PROBLEM.
Repeat the entries below word for word, though any picture in them should be dropped.

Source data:
========================================================================
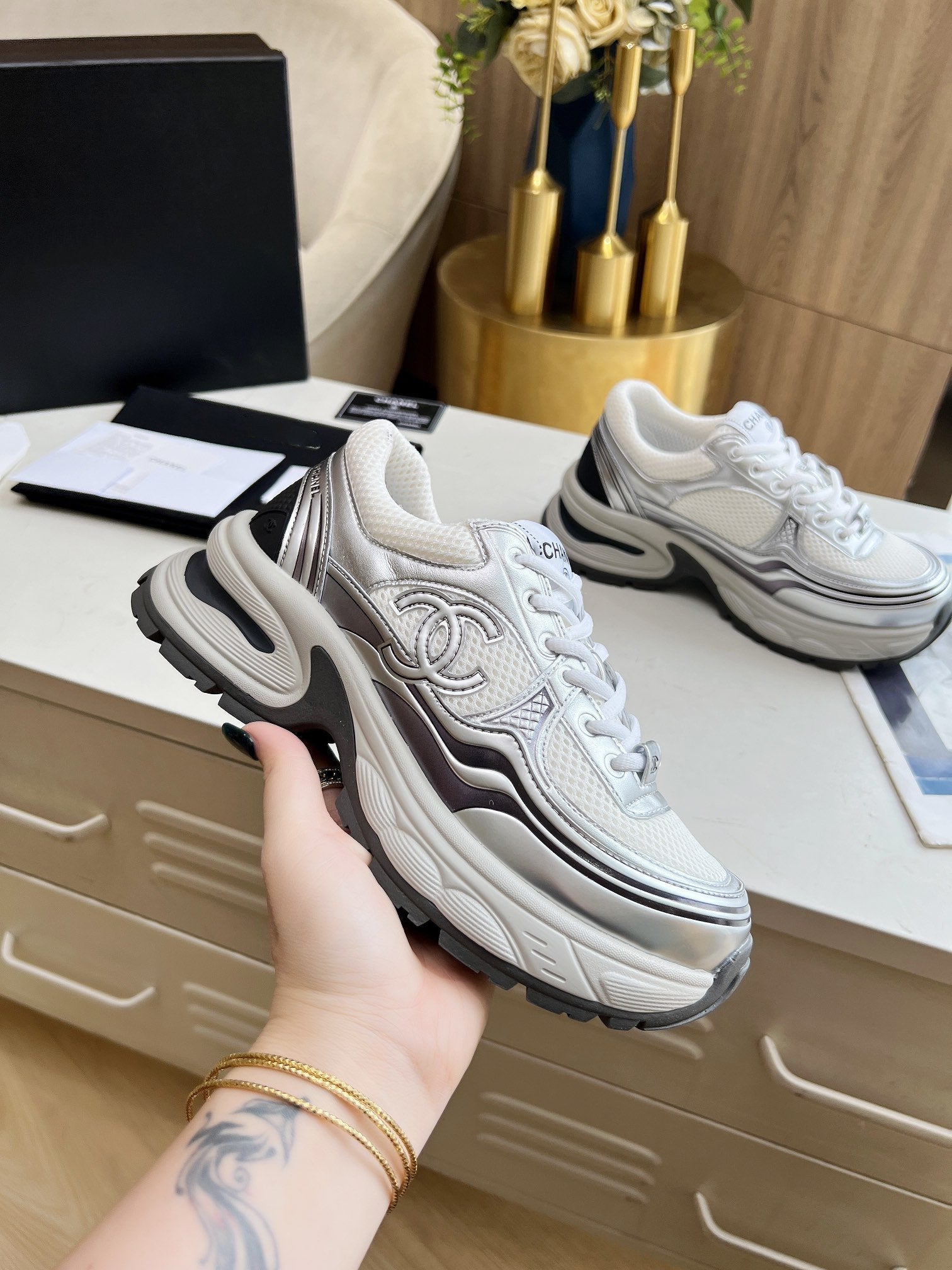cc trainer black calfskin white mesh
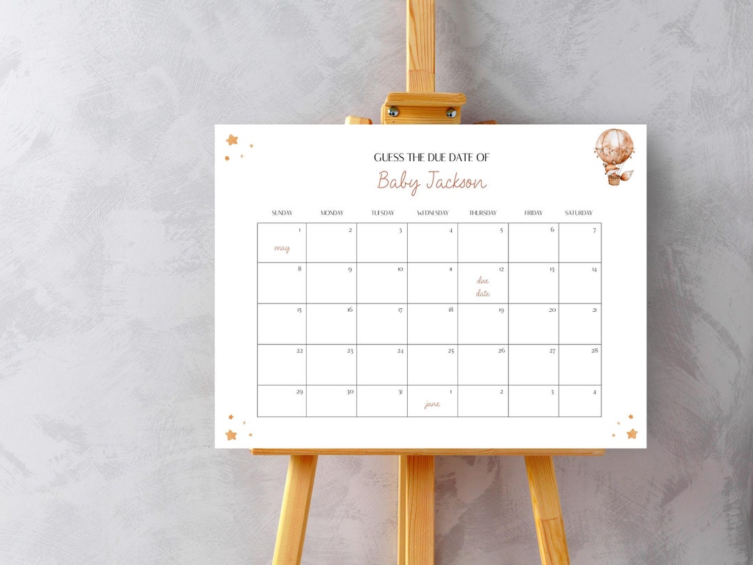 Baby Shower Due Date Calendar Pregnancy Calendar Template Boho Guess
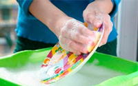 1)“不要使用流動(dòng)的水沖洗,而是將盤子浸入放有推薦洗滌劑用量的水中清洗”;
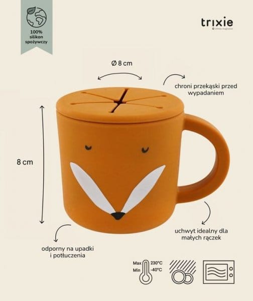 Ten sprytny silikonowy kubek z wesołym zwierzakiem zaprojektowany został z myślą o maluchach uwielbiających smakowite przekąski. Elastyczna pokrywka zabezpiecza przekąski przed wypadaniem i ma idealne proporcje dla małych rączek, a zaokrąglone ucho jest wygodne do uchwycenia. Kubek wykonany jest z wytrzymałego, 100% silikonu spożywczego, który jest miękki w dotyku, nie pęka po upuszczeniu i nadaje się do użytku w kuchence mikrofalowej, piekarniku, zamrażarce i zmywarce.Cechy: - wyjątkowy design- elastyczna pokrywka- idealne proporcje dla małych rączek- miękki w dotyku- odporny na upadki i pękanie- podgrzewanie w mikrofalówce i piekarniku- mycie w zmywarce- łatwy w czyszczeniu Materiał:100% silikon spożywczy Zalecany wiek:4 miesiące+Wymiary:11 x 8 x 8 cm...
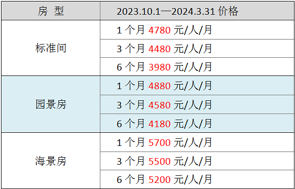 备注:元旦1天,春节7天(年三十至初六)每人每天另加收200元;10天体验每人每天另加收300元
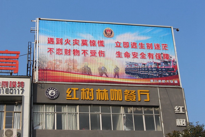 此次设置的三面翻大型宣传牌长12米,高6米,常年挂置消防公益广告,宣传内容以防灭火常识、消防公益宣传为主题,突出视觉效果,位置醒目,主题鲜明,吸引了大批市民驻足观看,宣传效果极强,时时提醒广大群众加强防火意识,为潢川增添了一抹亮丽色彩,成为潢川一道独特风景线。
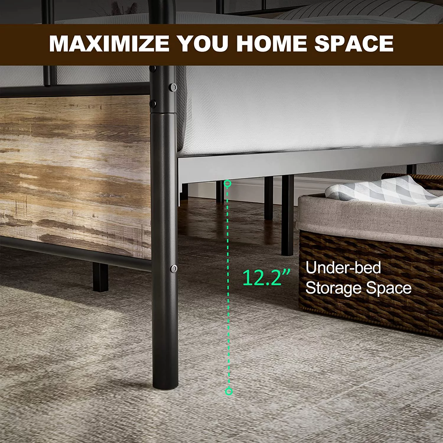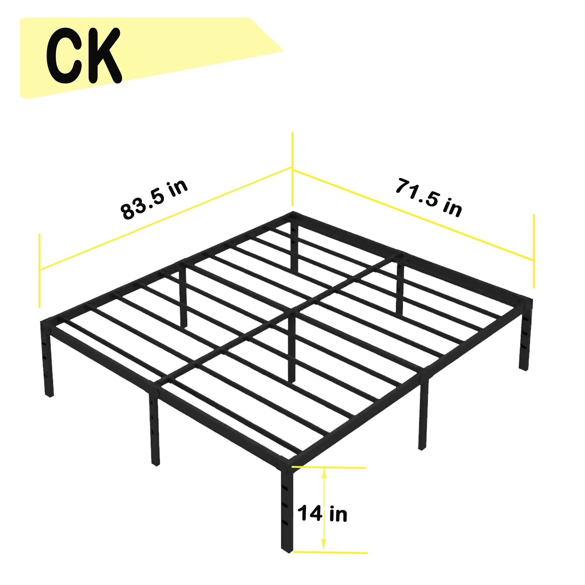 Rooflare 18'' Heavy Duty California King Metal Platform Bed Frame for Adult,Black
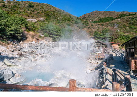 Hell valley Jigoku at Mount Unzen onsen in spring, Nagasaki, Japan
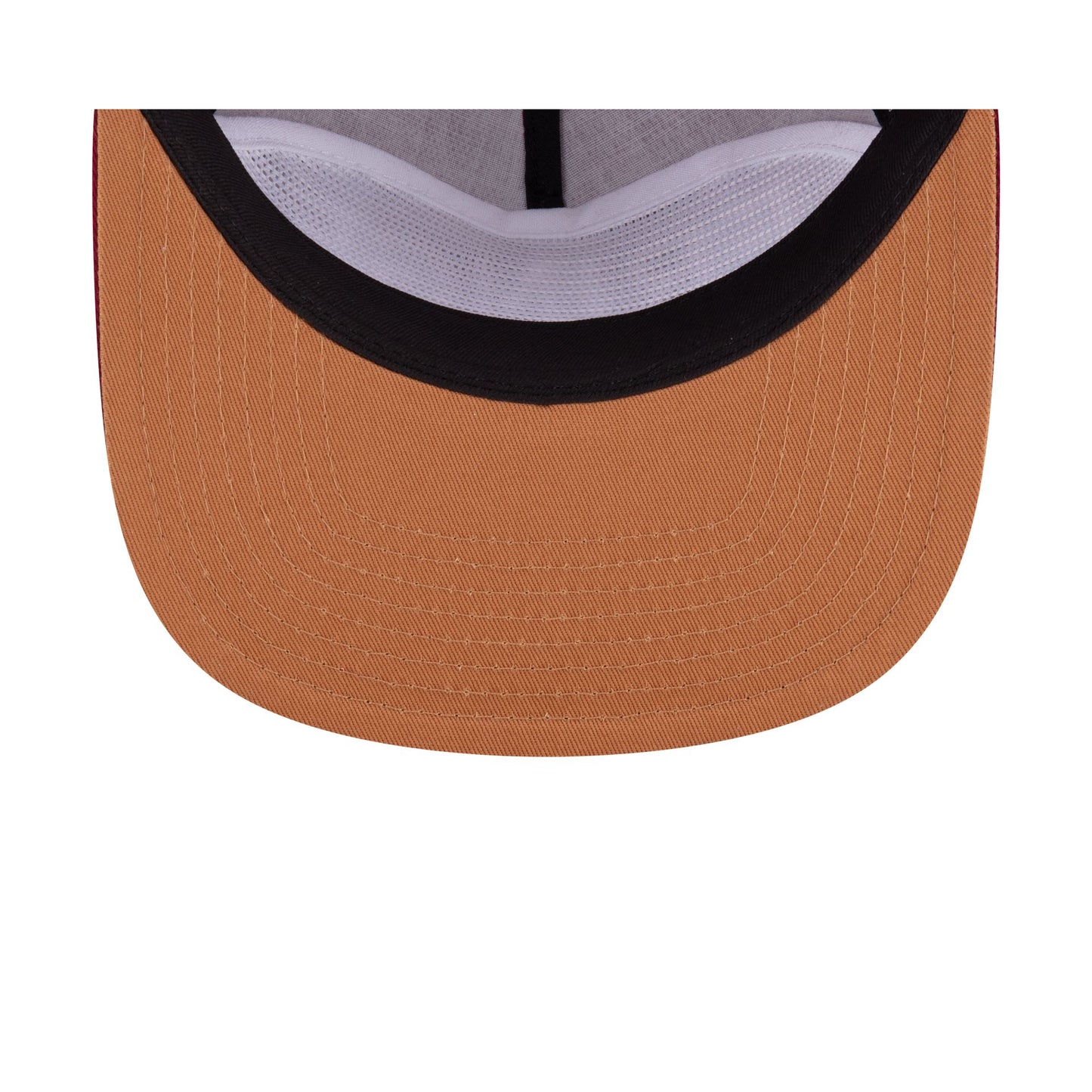 The New Era Golf Fringe Golfer features an embroidered Fringe wordmark at the front panels with a New Era Golf logo above a snapback closure at the rear and a brown undervisor.
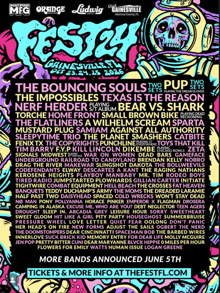 News Fest 24 Announces Lineup By Wolf · April 17, 2026 Fest has begun announcing it's 2026 lineup. The first 114 band have been revealed and 200+ more will follow in June. social ← Previous The Flatliners Release Video for 'Pulpit"
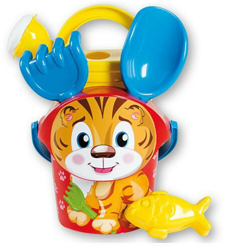 A piros színű homokozóvödrön egy tündérien aranyos tigriskölyökkel találkozhatsz, aki gereblyével a kezében várja, hogy segíthessen az építkezésben. A szettben rengeteg nélkülözhetetlen szerszámot találhatsz ahhoz, hogy egy tökéletes homokvárat építhess fel. A 6 részes szettben egy nagy méretű vödröt és egy hozzá tartozó szitát is találhatsz, melyekkel az első
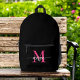 Hot Pink Black Monogram Girl's Back to School Printed Backpack
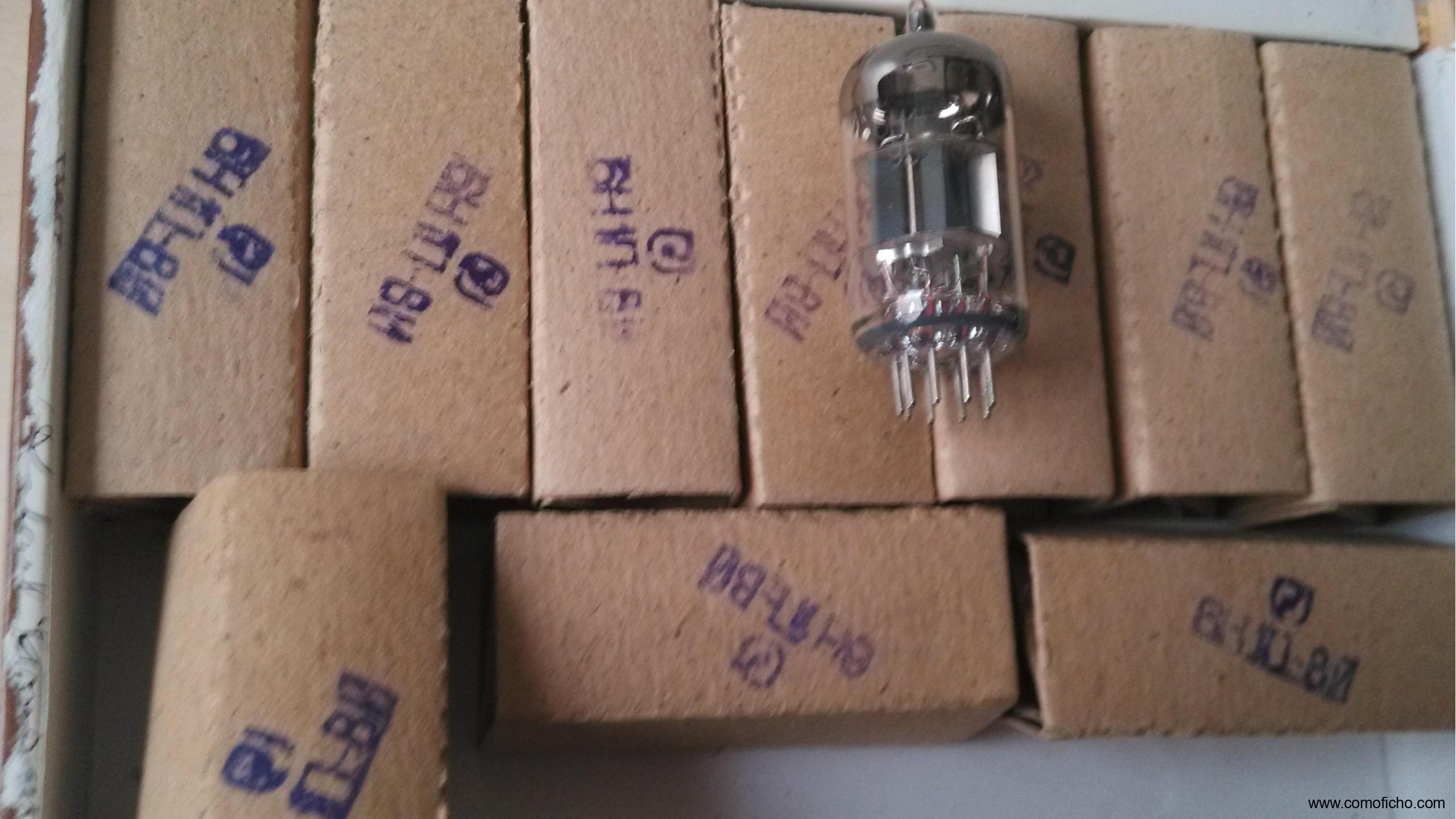 • 14 válvulas “OTK” 6H1π NOS (1 Y 2) = 7 pares, nuevas (5 pares BN y 2 pares EB), 35 euros el par. (Si se adquiere todo el lote, a 175 euros).
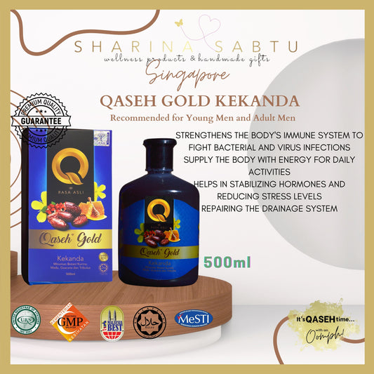 Sharina SabtuDalam Qaseh Gold Adinda/Kekanda ada gabungan makanan sunnah dan keseluruhan zat yang terkandung lebih kurang 200 jenis zat. Tidak semestinya badan menyerap semua zat yang dimakan akan diserap oleh tubuh....
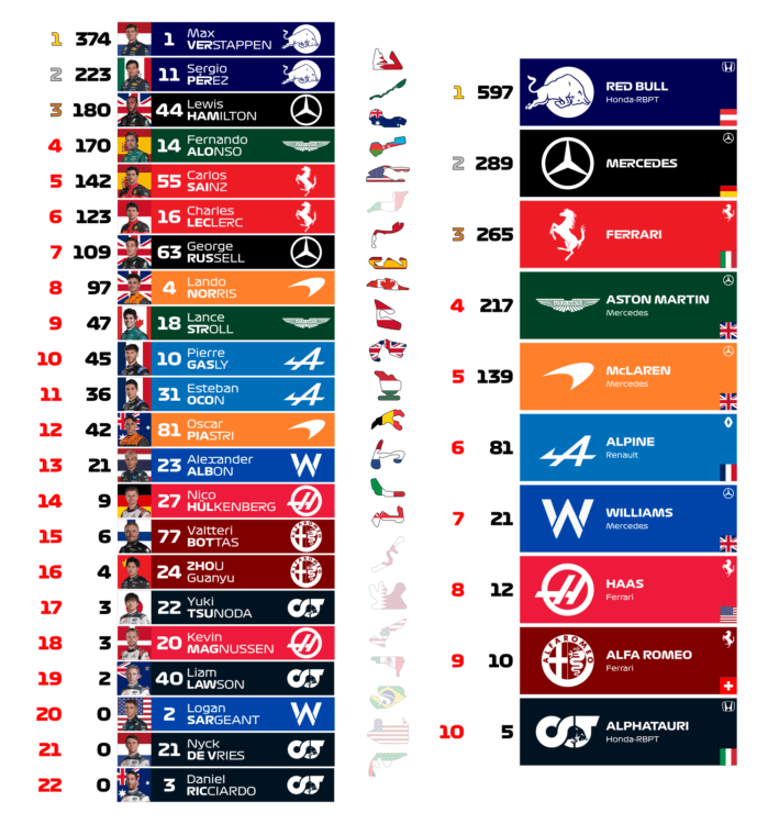 Pohľad na celkové poradie. Ferrari sa nebezpečne priblížilo k Mercedesu, na ktorý stráca už len 24 bodov. McLaren sa tiež blíži k Aston Martinu, ale tam je strata ešte pomerne vysoká (78 bodov).
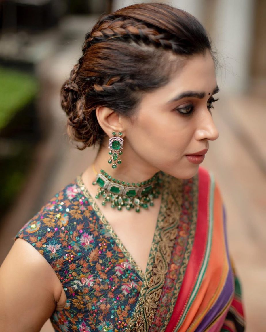 She accessorized the outfit with a pair of emerald studded diamond earrings and an identical choker by Amrapali. Her look was accomplished with a pleated low tied bun, blushed cheeks, lined eyes and nude lips.
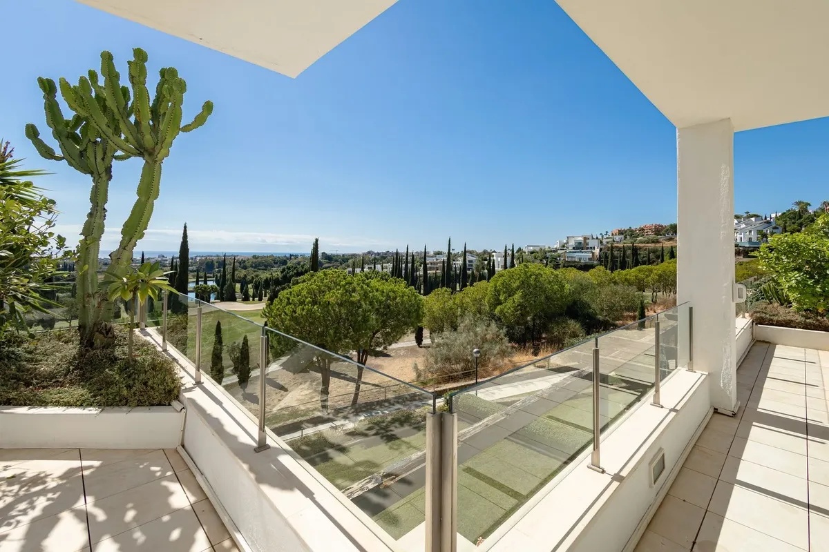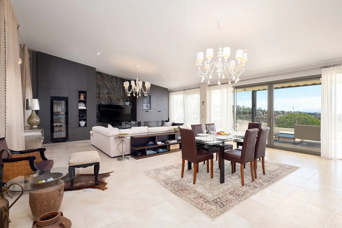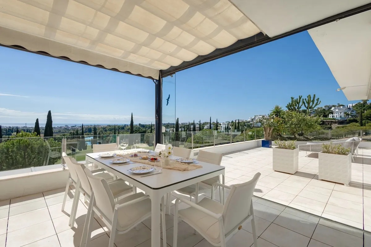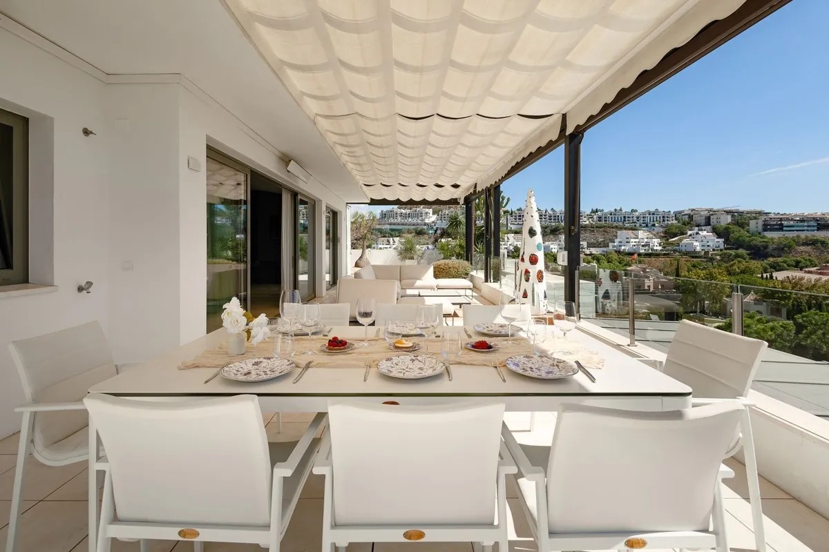 This stunning modern penthouse offers elegance, privacy, and breathtaking panoramic views across the Los Flamingos Golf Course and the Mediterranean beyond.
========================================================================
WORKED SOLUTION.
cc trainer black calfskin white mesh
 Baby Shower Due Date Calendar Pregnancy Calendar Template Boho Guess
 1)“不要使用流動(dòng)的水沖洗,而是將盤子浸入放有推薦洗滌劑用量的水中清洗”;
 Ten sprytny silikonowy kubek z wesołym zwierzakiem zaprojektowany został z myślą o maluchach uwielbiających smakowite przekąski. Elastyczna pokrywka zabezpiecza przekąski przed wypadaniem i ma idealne proporcje dla małych rączek, a zaokrąglone ucho jest wygodne do uchwycenia. Kubek wykonany jest z wytrzymałego, 100% silikonu spożywczego, który jest miękki w dotyku, nie pęka po upuszczeniu i nadaje się do użytku w kuchence mikrofalowej, piekarniku, zamrażarce i zmywarce.Cechy: - wyjątkowy design- elastyczna pokrywka- idealne proporcje dla małych rączek- miękki w dotyku- odporny na upadki i pękanie- podgrzewanie w mikrofalówce i piekarniku- mycie w zmywarce- łatwy w czyszczeniu Materiał:100% silikon spożywczy Zalecany wiek:4 miesiące+Wymiary:11 x 8 x 8 cm...
 备注:元旦1天,春节7天(年三十至初六)每人每天另加收200元;10天体验每人每天另加收300元
 此次设置的三面翻大型宣传牌长12米,高6米,常年挂置消防公益广告,宣传内容以防灭火常识、消防公益宣传为主题,突出视觉效果,位置醒目,主题鲜明,吸引了大批市民驻足观看,宣传效果极强,时时提醒广大群众加强防火意识,为潢川增添了一抹亮丽色彩,成为潢川一道独特风景线。
 Rooflare 18'' Heavy Duty California King Metal Platform Bed Frame for Adult,Black
 Hell valley Jigoku at Mount Unzen onsen in spring, Nagasaki, Japan
 The New Era Golf Fringe Golfer features an embroidered Fringe wordmark at the front panels with a New Era Golf logo above a snapback closure at the rear and a brown undervisor.
 News Fest 24 Announces Lineup By Wolf · April 17, 2026 Fest has begun announcing it's 2026 lineup. The first 114 band have been revealed and 200+ more will follow in June. social ← Previous The Flatliners Release Video for 'Pulpit"
 A piros színű homokozóvödrön egy tündérien aranyos tigriskölyökkel találkozhatsz, aki gereblyével a kezében várja, hogy segíthessen az építkezésben. A szettben rengeteg nélkülözhetetlen szerszámot találhatsz ahhoz, hogy egy tökéletes homokvárat építhess fel. A 6 részes szettben egy nagy méretű vödröt és egy hozzá tartozó szitát is találhatsz, melyekkel az első
 Hot Pink Black Monogram Girl's Back to School Printed Backpack
 • 14 válvulas “OTK” 6H1π NOS (1 Y 2) = 7 pares, nuevas (5 pares BN y 2 pares EB), 35 euros el par. (Si se adquiere todo el lote, a 175 euros).
 Sharina SabtuDalam Qaseh Gold Adinda/Kekanda ada gabungan makanan sunnah dan keseluruhan zat yang terkandung lebih kurang 200 jenis zat. Tidak semestinya badan menyerap semua zat yang dimakan akan diserap oleh tubuh....
 Pohľad na celkové poradie. Ferrari sa nebezpečne priblížilo k Mercedesu, na ktorý stráca už len 24 bodov. McLaren sa tiež blíži k Aston Martinu, ale tam je strata ešte pomerne vysoká (78 bodov).
 She accessorized the outfit with a pair of emerald studded diamond earrings and an identical choker by Amrapali. Her look was accomplished with a pleated low tied bun, blushed cheeks, lined eyes and nude lips.
 This stunning modern penthouse offers elegance, privacy, and breathtaking panoramic views across the Los Flamingos Golf Course and the Mediterranean beyond.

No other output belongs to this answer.